Хуже всего было их неуважение к национальному гимну Мексики. Они стали бросать женские чулки с мочой и песком, раскручивали их над головой, как Давид пращу в схватке с Голиафом, и те летели в нашу сторону, и на нас обрушивалась вся эта грязь. Вы представляете, какие они скоты, правда?
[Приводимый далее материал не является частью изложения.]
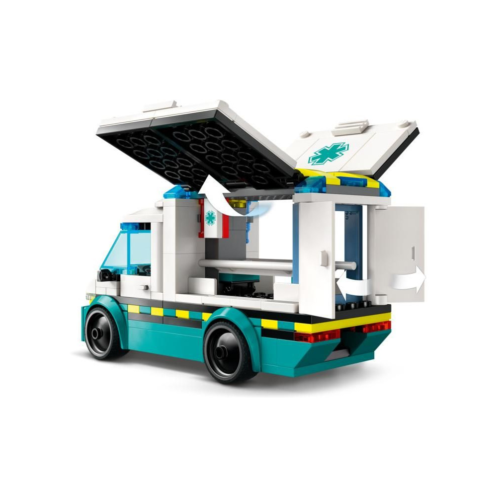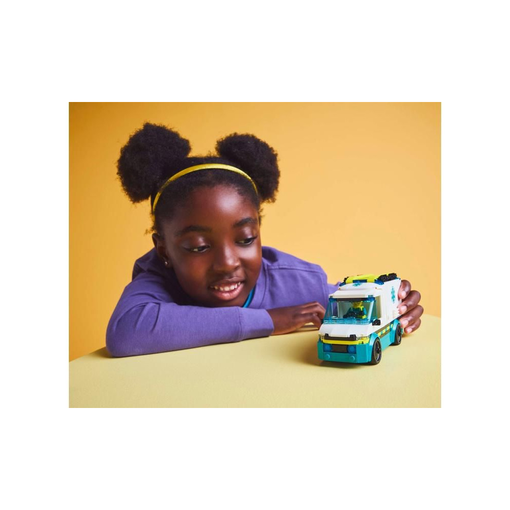 Az 5 éves vagy annál idősebb gyermekek akciódús mentőakciókban vehetnek részt a LEGO® City Mentőautó építőkészlettel. A kis mentősök leengedik a paneleket és kinyitják az ajtókat, hogy hozzáférjenek az orvosi berendezésekhez.

Последней каплей стало то, что какая-то обезьяна начала оскорблять Мексику. А это в сто раз хуже, чем оскорбления в адрес твоей матери. И то говорил, и другое, и вообще всякое. Ну, кое-что из того, что он говорил, было правдой. Но так обидно, что они твердят одно и то же! Особенно потому, что они отчасти правы, понимаете? Они начали с того, что завопили: «Мы приехали в эту страну не потому, что подыхали с голоду». И я ответил им: «Вы оказались здесь потому, что ваши отцы были трусами и покинули свою patria в годы лишений». И тогда они пустили в ход кулаки, и к ним присоединились даже игроки. Целое поле сцепившихся в схватке рук и тел, а следующее, что я помню, как нас окружила полиция и начала запихивать и тех, и других – мексиканских мексиканцев и американских мексиканцев, – как скот, в свои фургоны. Я не вру. И это привело нас в безумную ярость. И здешних мексиканцев, ставших тут бо2льшими американцами, чем сами американцы, и нас, мексиканцев оттуда, бо2льших мексиканцев, чем сам Сапата. Ну что еще я могу вам рассказать? Так я оказался здесь.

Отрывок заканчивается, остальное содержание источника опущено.